Proposed roles of P4 ATPases in intracellular vesicle trafficking routes in S. cerevisiae, A. thaliana and C. elegans. Although many P4 ATPases are linked to intracellular trafficking defects, only a few have been specifically linked to certain organelles.

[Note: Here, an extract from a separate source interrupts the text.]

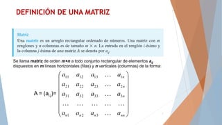 Este documento trata sobre matrices y determinantes. Explica qué es una matriz, sus elementos y dimensiones. Presenta ejemplos de matrices como la compra de bocadillos. Describe operaciones con matrices como suma, resta, multiplicación por un escalar y producto. Finalmente, define determinantes de orden 2 y 3, y explica la regla de Sarrus para calcularlos.
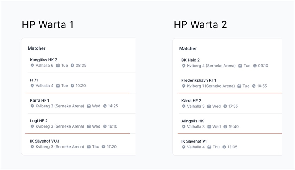 För Warta 1 kan du tänka samling c:a 30 minuter före första matchen varje dag.

S. cerevisiae Neo1p has been implicated in retrograde, COPI-dependent trafficking from the Golgi to the ER [99,100]. Drs2p in yeast is involved in the formation of AP-1/clathrin coated vesicles back and forth between the TGN and early endosomes [40,54,62,86,87]. Yeast Dnf1p and Dnf2p play a role in the formation of endocytic vesicles [62,96,97]. A. thaliana ALA3 is necessary for the synthesis of secretory vesicles from the TGN [39]. C. elegans TAT-1 is important in maintaining normal endocytic recycling and biogenesis of lysosomes [32,102] whereas TAT-5 was suggested to be involved in the regulation of ectosome shedding [103]. In Chinese hamster ovary cells ATP8A1 plays a role in cell migration by assisting in the formation of plasma membrane ruffles [104]. ATP8B1 is necessary for apical hepatocyte membrane integrity in M. musculus[108,109,126]. Possible functional locations of P4-ATPases are represented by colored circles; red for S. cerevisiae, yellow for A. thaliana, green for C. elegans and blue for mammalian P4-ATPases. See text for further details.